Both the deep ocean and outer space are governed by international law, with much of said law constructed during the Cold War. Interested parties often bring a certain Wild West mentality to resource extraction in both instances. However, space law lags behind terrestrial laws on a number of fronts, and recent moves by individual nations and companies should be seen as a wake-up call.

The letter of space law is the 1967 Outer Space Treaty, ratified by 109 nations, including all the current spacefaring countries. Like the earlier Antarctic Treaty, much of the Outer Space Treaty was concerned with preventing the Cold War from spreading. Articles I and II explicitly ban nations from claiming any part of another world as their territory; Article IV forbids nuclear weapons and military bases in space. (This is one reason why many questioned the recent creation of the United States Space Force.) Apollo astronauts planted the United States flag with each Moon landing — a controversial and provocative decision on America’s part — but they also left scientific equipment and brought Moon rocks back without violating the treaty. NASA and the Japan Aerospace Exploration Agency (JAXA) have currently-operating robotic spacecraft taking samples from asteroids for scientific study on Earth.

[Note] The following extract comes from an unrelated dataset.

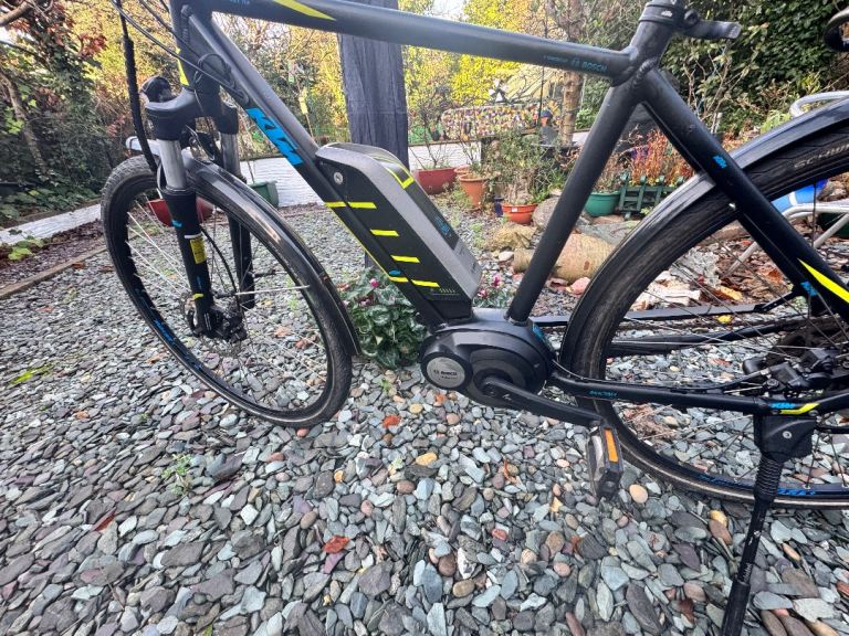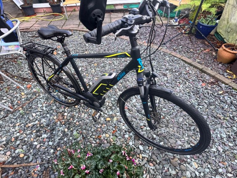 KTM Line Mcina electric bicycle with 9 speed Shimano gears, four power assist modes, Bosch power motor & battery all in very good condition. Shimano hydraulic disc brakes front and rear. Front fork suspension with lock facility. Lights, bell ,and pannier bag with rear rack. Frame size is 51 cm ,wheel size is 28 inches. Collection Only

The Outer Space Treaty is much more ambiguous when it comes to resource extraction. Article II reads in its entirety: “Outer space, including the moon and other celestial bodies, is not subject to national appropriation by claim of sovereignty, by means of use or occupation, or by any other means.” In the absence of explicit language, the United States and Luxembourg have passed laws allowing private companies to develop space prospecting missions.

Some legal scholars, such as Frans von der Dunk of the University of Nebraska-Lincoln and John G. Wrench of the Institute for Justice, have argued that the Outer Space Treaty’s language allows resource extraction. A nation doesn’t need to claim sovereignty to dig for platinum, the argument goes, and the treaty doesn’t mention privately-owned companies at all. The analogy von der Dunk uses is with fishing rights, where no nation has sovereignty over the high seas, but private fishing companies can harvest fish.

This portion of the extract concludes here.